Comment 4 for bug 1983605

Revision history for this message
Sergio Durigan Junior (sergiodj) wrote :

Andreas and I have been spending time on and off investigating this issue. Until today, we were able to determine that the failure happens even when we build exim4, gnutls28 and nettle with -O2 instead of -O3 (which is the default optimization level on ppc64el). Disabling -O3 was the very first thing that came to my mind when I saw the problem (I've been bitten by this problem a few times before...), so it was a bit surprising to see that, this time, it isn't the reason behind the bug.

We then looked at the autopkgtest logs for exim4 on ppc64el, and were able to determine that, most likely, the issue started happening around the time the package was updated from version 4.94 to 4.95 (4.94.2-7ubuntu2 to 4.95-2ubuntu2, according to https://autopkgtest.ubuntu.com/packages/exim4/jammy/ppc64el). This morning, Andreas did a rebuild of exim4 4.94.2-7ubuntu2 and was able to confirm that the problem did *not* manifest with this version. That's good because now we are able to narrow our investigation.

Today I had more time to work on this issue, and was able to make good progress. Here's what I tried and what I found:

- Knowing that the issue is most likely in exim4, I decided to build the software directly from upstream and verify if I could reproduce the problem there. This served the purpose of making sure that the bug is present in upstream as well, and not in our downstream patches.

- I was able to successfully replicate the failure with upstream's 4.95 tag, and the non-failure with upstream's 4.94.

- This allowed me to do a bisect of the code, which resulted in:

f50a063dc0b96ac95b3a7bc0aebad3b3f2534c02 is the first bad commit
commit f50a063dc0b96ac95b3a7bc0aebad3b3f2534c02
Author: Jeremy Harris <email address hidden>
Date: Tue Jun 22 23:04:59 2021 +0100

    TLS: as server, reject connections with ALPN indicating non-smtp use

- On the one hand, that's great. I double checked and indeed, the problem started happening after the commit above was pushed.

- I wanted to understand better what was going on, so I built exim4 (still from upstream) using "-O0 -g3". I was ready to start debugging it, when...

- ... I wasn't able to reproduce the problem anymore. My attention was once again turned to optimization.

- I then decided to take a closer look at the package again. I confirmed that I could still reproduce the issue using -O2 and -O1. When I tried using -O0, I initially wasn't able to build the package because -O0 interacts badly with "hardening=+all" (which is expected behaviour). And then it dawned on me that the problem could actually be some of the hardening features we use, because they're much more likely to break something than -O0 vs. -O2.

- I had a feeling that the problem could be related to PIE, so I did a build only with PIE disabled, and voilĂ : I could not reproduce the bug anymore.

So that's it.

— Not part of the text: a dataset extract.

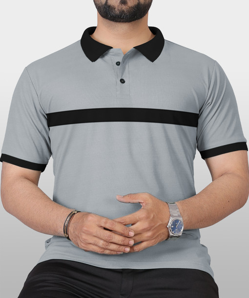 Men Colorblock Polo Neck Polyester Grey T-Shirt

Where do we go from here?

- On exim4, it's enough to disable PIE on ppc64el only. That's an easy workaround and, IMHO, should not be the cause of much concern from the SRU team.

- Generally speaking, it might be interesting to continue investigating this issue a bit more. For example, I'm still unsure as to why we're not seeing (and, as best as can I tell, have never seen) this problem in Debian's exim4. Is it related to some Ubuntu-specific GCC modification? That remains to be seen.